The idea that a source–in this case NSF–would pay for part of a reporter's trip is normally anathema, but the logistics of this are complicated, and so many reporters have now taken the trip, over so many decades, that questions about the NSF involvement are moot.
But while Raloff followed in the footsteps of many other reporters, something was different about her trip. To cover the costs of the trip, and the costs of editing, photography, and hiring replacements while she was traveling, she went to the crowd-funding site Kickstarter and asked for $15,000 from the public. "Our nonprofit is seeking support for the reporting of a journalistic expedition to Antarctica that aims to educate and enlighten young people and adults about the research going on in one of the world’s most fragile and remote ecosystems," the Kickstarter solicitation began. Those who pledged at certain levels got rewards (such as a year's digital subscription for $150). The appeal stressed the educational component of the project.
Raloff raised exactly $15,001.
Raloff is a good reporter, and I'm sure her stories for Science News and for Science News for Kids will be worth the money, however you want to try to calculate that. (You can find one story from the trip here and a post written while she was enroute here.)
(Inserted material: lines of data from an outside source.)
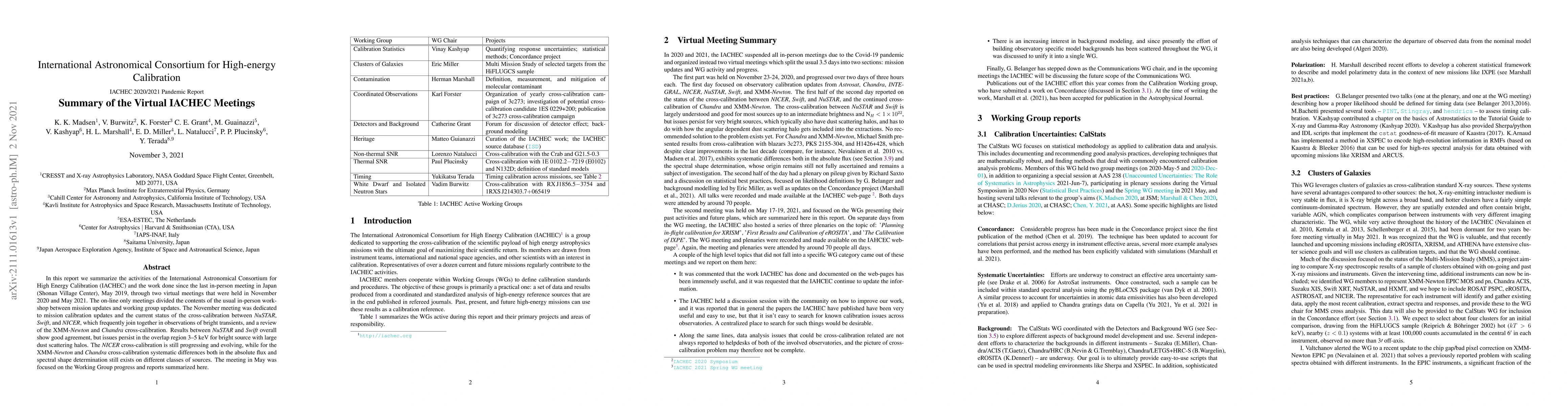 In this report we summarize the activities of the International Astronomical Consortium for High Energy Calibration (IACHEC) and the work done since the last in-person meeting in Japan (Shonan Village Center), May 2019, through two virtual meetings that were held in November 2020 and May 2021. The on-line only meetings divided the contents of the usual in-person workshop between mission updates and working group updates. The November meeting was dedicated to mission calibration updates and the current status of the cross-calibration between NuSTAR, Swift, and NICER, which frequently join together in observations of bright transients, and a review of the XMM-Newton and Chandra cross-calibration. Results between \nustar\ and \swift\ overall show good agreement, but issues persist in the overlap region 3--5 keV for bright source with large dust scattering halos. The NICER cross-calibration is still progressing and evolving, while for the XMM-Newton and Chandra cross-calibration systematic differences both in the absolute flux and spectral shape determination still exists on different classes of sources. The meeting in May was focused on the Working Group progress and reports summarized here.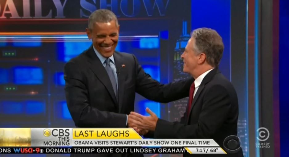 All three networks on Wednesday hyped Barack Obama's final appearance on The Daily Show, but it was CBS that offered the most nostalgic, sentimental coverage. This Morning reporter Vladimir Duthiers reminisced, "Like two old friends just enjoying each other's company, Tuesday night, Jon Stewart and President Obama both reflected on the approaching conclusion of their careers."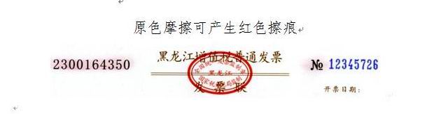 使用白紙摩擦票面的發(fā)票代碼和字符(№)區(qū)域,在白紙表面以及發(fā)票代碼和字符(№)的摩擦區(qū)域均會產(chǎn)生紅色擦痕。(如下圖所示)

But this experiment raises an interesting question: Is this a good model for journalism? Should players like Science News step aside and let freelancers and others with smaller budgets take advantage of Kickstarter? Or is this simply a bad idea?
I'm not sure what I think. Science News is published by Society for Science & the Public, a non-profit with annual revenue of about $19 million, according to Mike Mills, its chief content officer. Mills told me that paying for the trip would have taken funding away from other reporting trips, such as sending reporters to scientific meetings. The magazine's annual budget for travel is approximately $80,000, he said. The Antarctica trip would have taken a big bite out of that.
It's hard to argue that the Kickstarter funding compromises the reporting. We wouldn't expect a $25 or even a $1,000 contributor (there were three of them) to demand to review the copy before publication, nor would we expect Science News to comply. Science News isn't taking money out of the pockets of freelancers; this isn't a fixed pool of money, and any good pitch is likely to attract support, whether it comes from Science News or a hungry new science writer with the ink still wet on a master's degree.
We might worry about how editors will react. (It's always wise to worry about how editors will react.) Will editors at Science News or elsewhere look down at reporters petitioning for trips and thunder, "Fine, but go out and raise the money yourself!" Maybe. We'll see.
I have a vague sense of unease about this arrangement that I cannot explain. Maybe it's because it's a new idea and I'm a suspicious type; or maybe it's because there is something that's not quite right, and I haven't figured it out yet.
For now, we can make our judgment based on the quality of the stories. If Raloff writes good stuff, then this experiment was a success.